Leveraging process data to assess adults’ problem-solving skills

Periodical
Computers & Education
Volume
166
Year
2021
Access date
March 23, 2023
Relates to study/studies
PIAAC Cycle 1

Leveraging process data to assess adults’ problem-solving skills

Using sequence mining to identify behavioral patterns across digital tasks

Abstract

This paper illustrates how process data can be used to identify behavioral patterns in a computer-based problem-solving assessment. Using sequence-mining techniques, we identify patterns of behavior across multiple digital tasks from the sequences of actions undertaken by respondents. We then examine how respondents’ action sequences (which we label 'strategies') differ from optimal strategies. In our application, optimality is defined ex-ante as the sequence of actions that content experts involved in the development of the assessment tasks identified as most efficient to solve the task given the range of possible actions available to test-takers.
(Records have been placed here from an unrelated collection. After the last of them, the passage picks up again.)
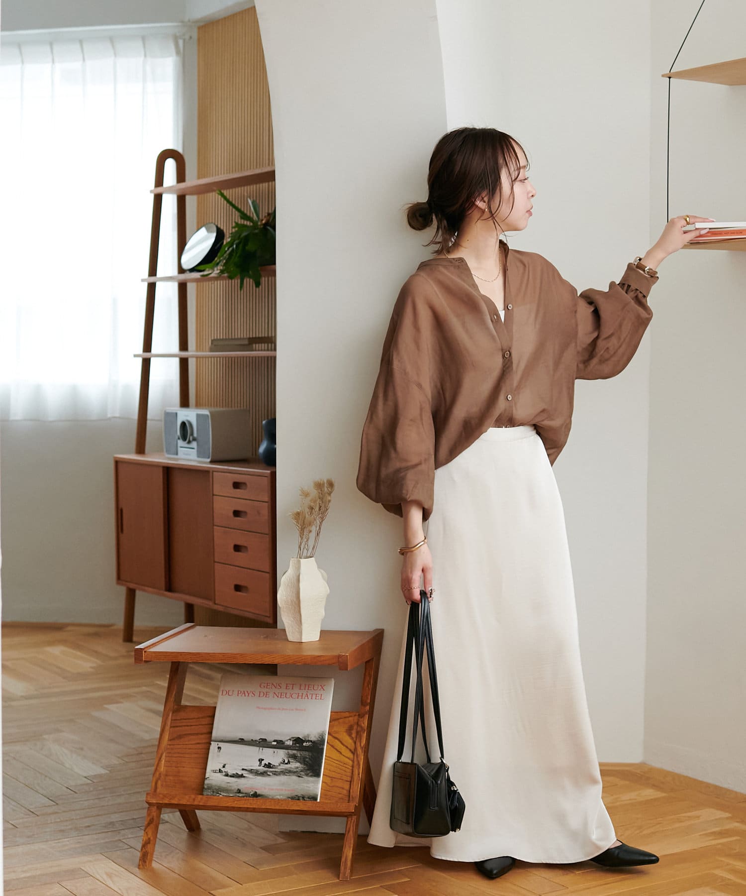 柔らかくしわが気になりにくいので、ベストやビスチェとレイヤードしたコーデもおすすめ!
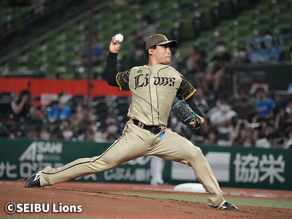 1番 外崎 左安 高めのスライダーをレフトへ打ってヒット 1塁 |
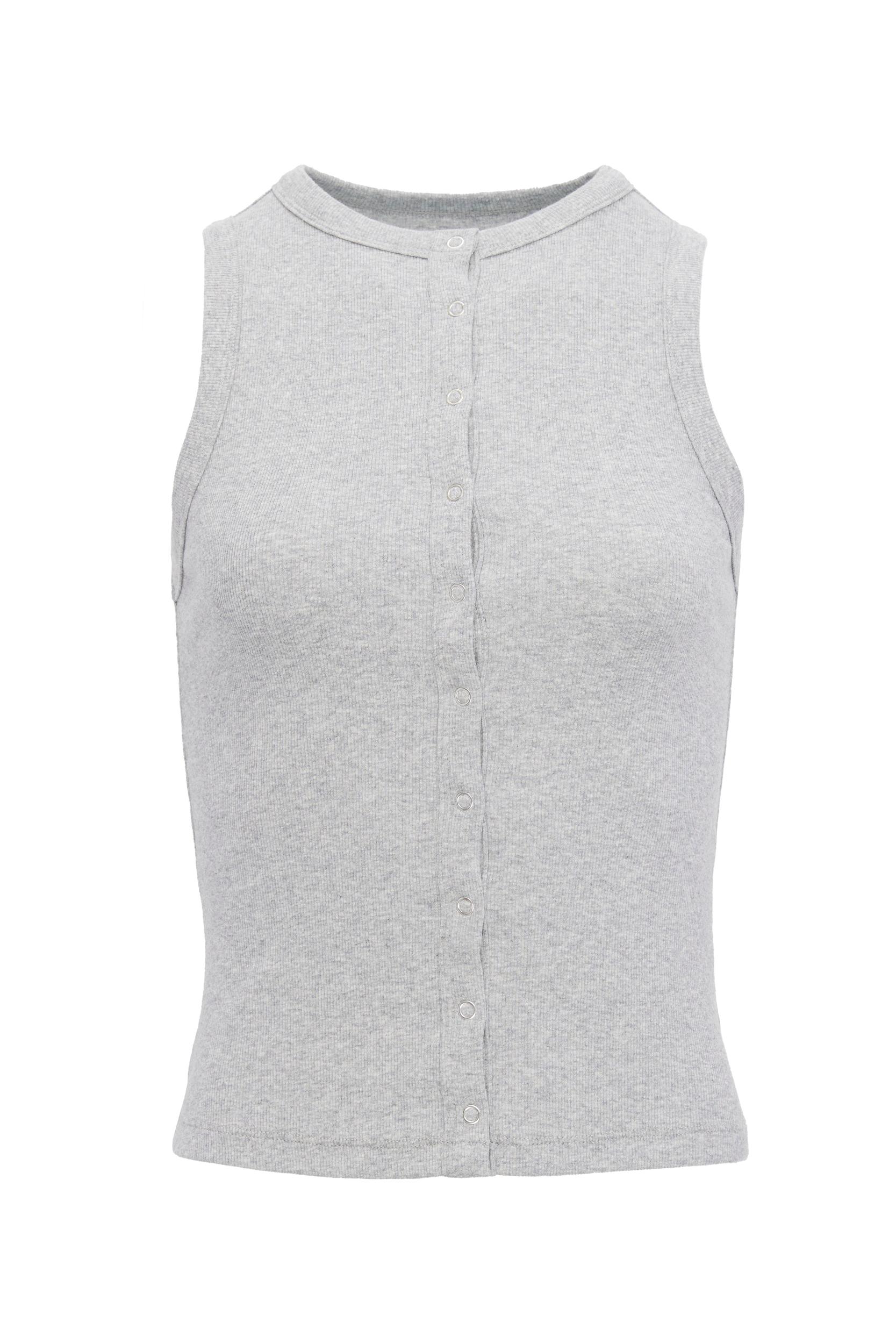 Grey Collared Button Tank Top
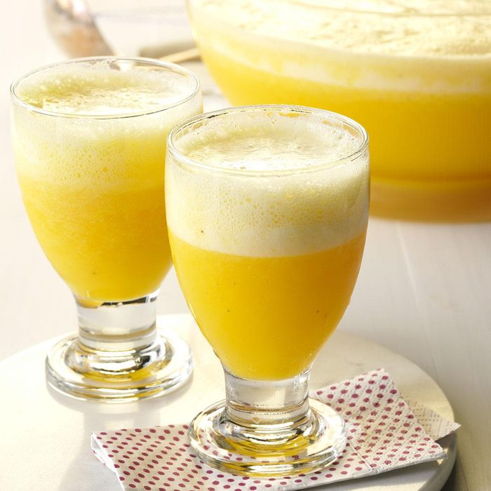 This zesty punch is a refreshing addition to my holiday table. I love its fruity flavor and the bright sunshiny color. You can easily double the recipe if you're expecting a larger group. —Dianne Conway, London, Ontario
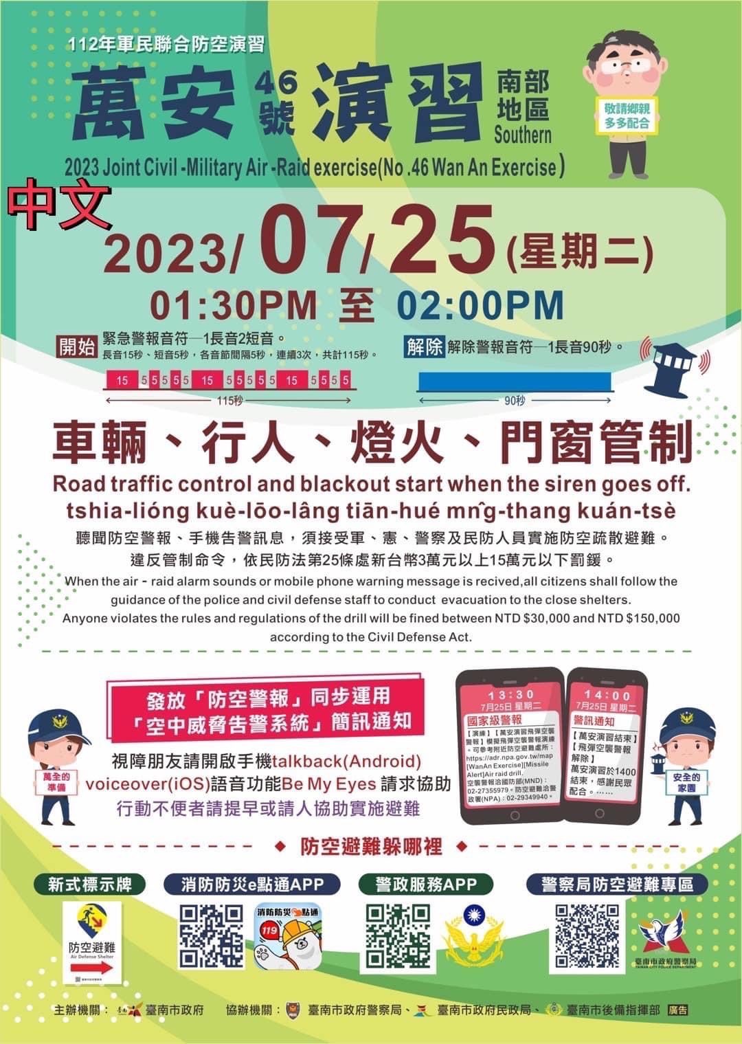 今年「萬安 46 號演習」訂於 7 月 25 日(星期二)下午 1 時 30 分至 2 時實施,屆時警報發放後,人、車請一律配合警察及民防人員引導,進行防空避難。趕緊拿起手機知曉最近防空避難疏散地點!

Data on 7462 respondents from five countries (the United Kingdom, Ireland, Japan, the Netherlands, and the United States) participating in the Problem Solving in Technology-Rich Environment (PSTRE) assessment, administered as part of the OECD Programme for the International Assessment of Adult Competencies (PIAAC), indicate that valuable insights can be derived from the analysis of process data. Adults who follow optimal strategies are more likely to obtain high scores in the PSTRE assessment, while low performers consistently adopt strategies that are very distant from optimal ones. Very few high performers are able to solve the items in an efficient way, i.e. by minimizing the number of actions and by avoiding undertaking unnecessary or redundant actions. Women and adults above the age of 40 are more likely to adopt sub-optimal problem-solving strategies.